GIVEN DATA
────────

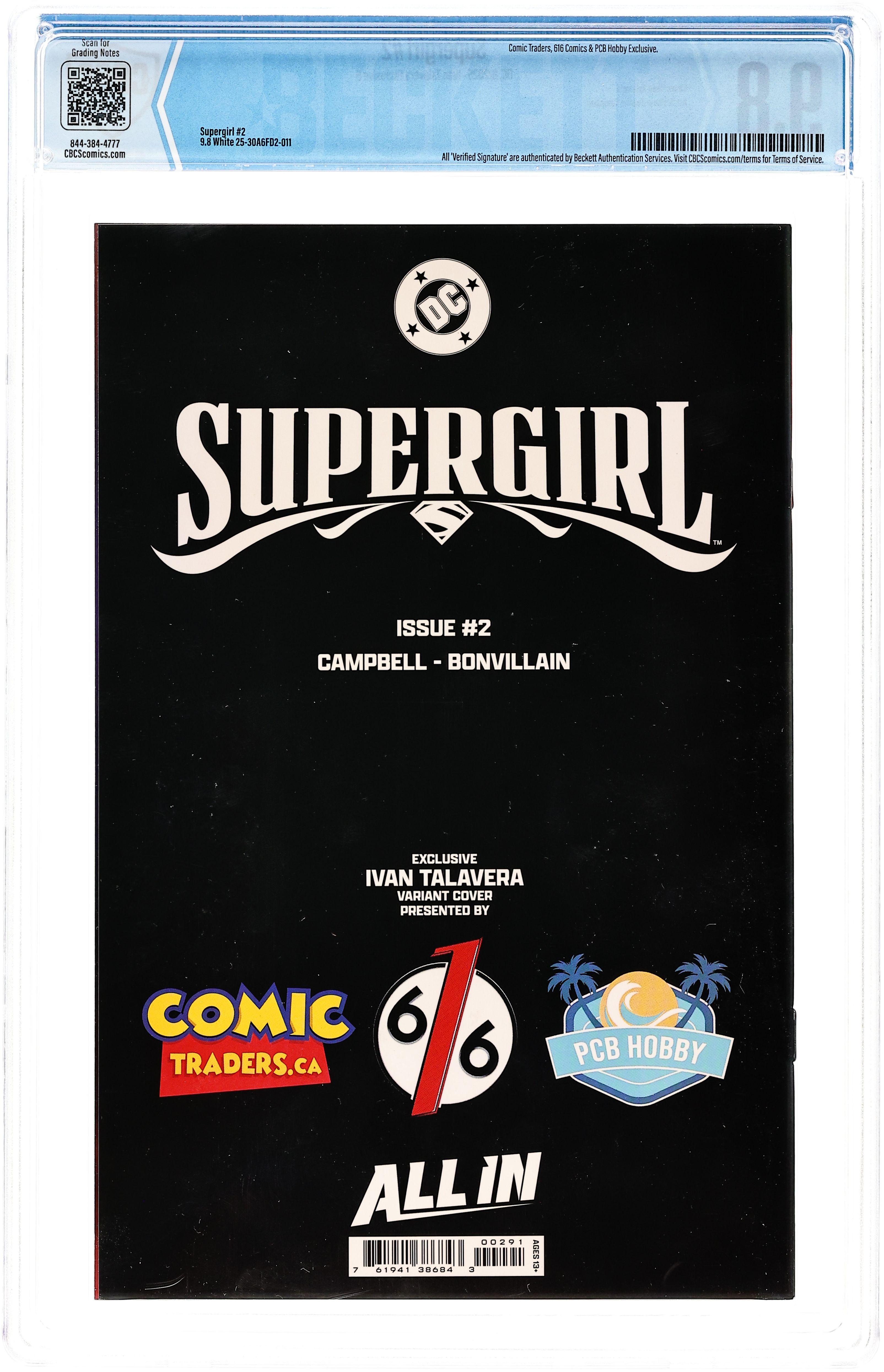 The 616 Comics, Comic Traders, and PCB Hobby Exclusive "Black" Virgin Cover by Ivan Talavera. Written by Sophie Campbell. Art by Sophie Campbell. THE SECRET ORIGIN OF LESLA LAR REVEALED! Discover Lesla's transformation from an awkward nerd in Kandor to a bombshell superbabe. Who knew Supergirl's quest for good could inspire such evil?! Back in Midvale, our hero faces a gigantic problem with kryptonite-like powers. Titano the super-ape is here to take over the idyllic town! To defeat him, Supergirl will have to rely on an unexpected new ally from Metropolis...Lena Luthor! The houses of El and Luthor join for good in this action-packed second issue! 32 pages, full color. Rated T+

────────

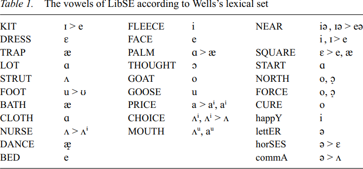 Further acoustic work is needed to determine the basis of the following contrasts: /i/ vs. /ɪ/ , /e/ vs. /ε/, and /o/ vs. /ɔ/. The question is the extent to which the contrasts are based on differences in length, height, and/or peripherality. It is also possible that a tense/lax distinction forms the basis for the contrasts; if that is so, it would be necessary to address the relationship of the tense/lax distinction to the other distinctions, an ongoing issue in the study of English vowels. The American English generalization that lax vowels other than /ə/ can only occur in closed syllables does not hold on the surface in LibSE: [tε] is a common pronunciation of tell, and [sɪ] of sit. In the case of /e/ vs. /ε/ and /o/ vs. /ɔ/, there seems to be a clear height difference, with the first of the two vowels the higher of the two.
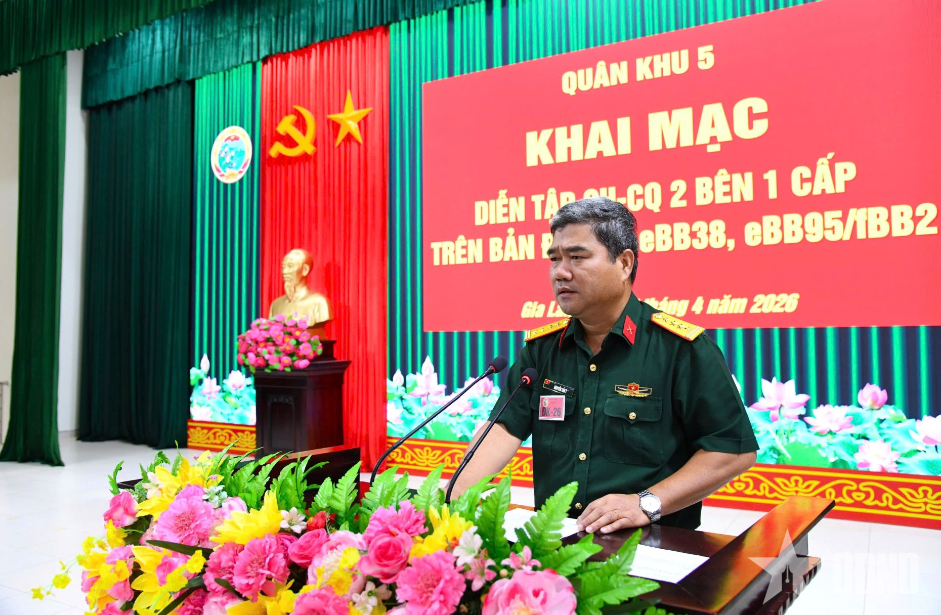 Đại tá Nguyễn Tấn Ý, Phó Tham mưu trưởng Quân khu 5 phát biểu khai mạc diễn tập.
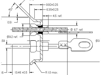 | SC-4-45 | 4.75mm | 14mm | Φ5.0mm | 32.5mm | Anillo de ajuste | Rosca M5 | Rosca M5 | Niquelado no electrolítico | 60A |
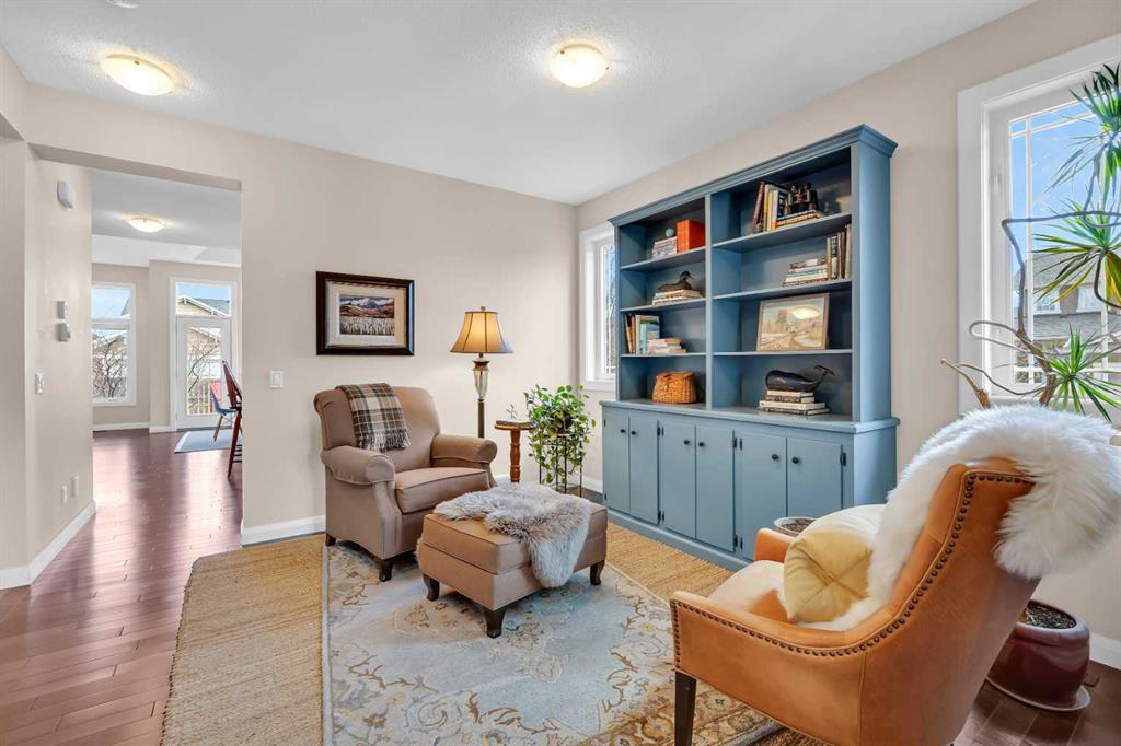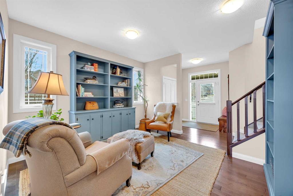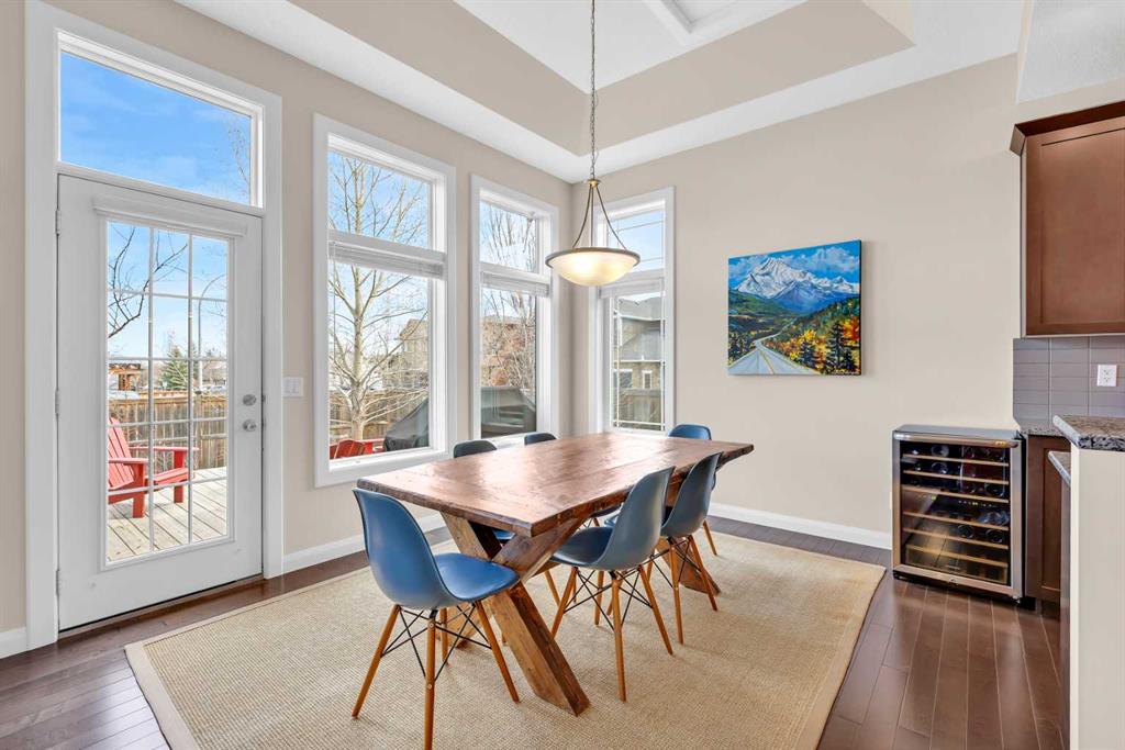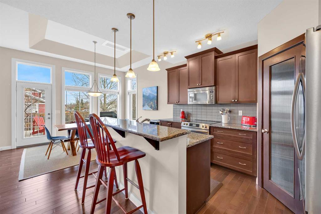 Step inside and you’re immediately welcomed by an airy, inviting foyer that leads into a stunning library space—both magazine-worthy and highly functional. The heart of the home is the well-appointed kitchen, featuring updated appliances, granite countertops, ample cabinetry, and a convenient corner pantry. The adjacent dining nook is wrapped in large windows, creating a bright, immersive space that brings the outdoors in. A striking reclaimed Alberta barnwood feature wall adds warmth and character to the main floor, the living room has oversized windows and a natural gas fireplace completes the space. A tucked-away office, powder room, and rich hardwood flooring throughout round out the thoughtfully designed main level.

────────

PROBLEM STATEMENT
What lines above run from the one with "Đại tá Nguyễn" to the one with "electrolítico | 60A |"? Give them again exactly, ends included, and leave the pictures out.

SOLVED PROBLEM
 Đại tá Nguyễn Tấn Ý, Phó Tham mưu trưởng Quân khu 5 phát biểu khai mạc diễn tập.
 | SC-4-45 | 4.75mm | 14mm | Φ5.0mm | 32.5mm | Anillo de ajuste | Rosca M5 | Rosca M5 | Niquelado no electrolítico | 60A |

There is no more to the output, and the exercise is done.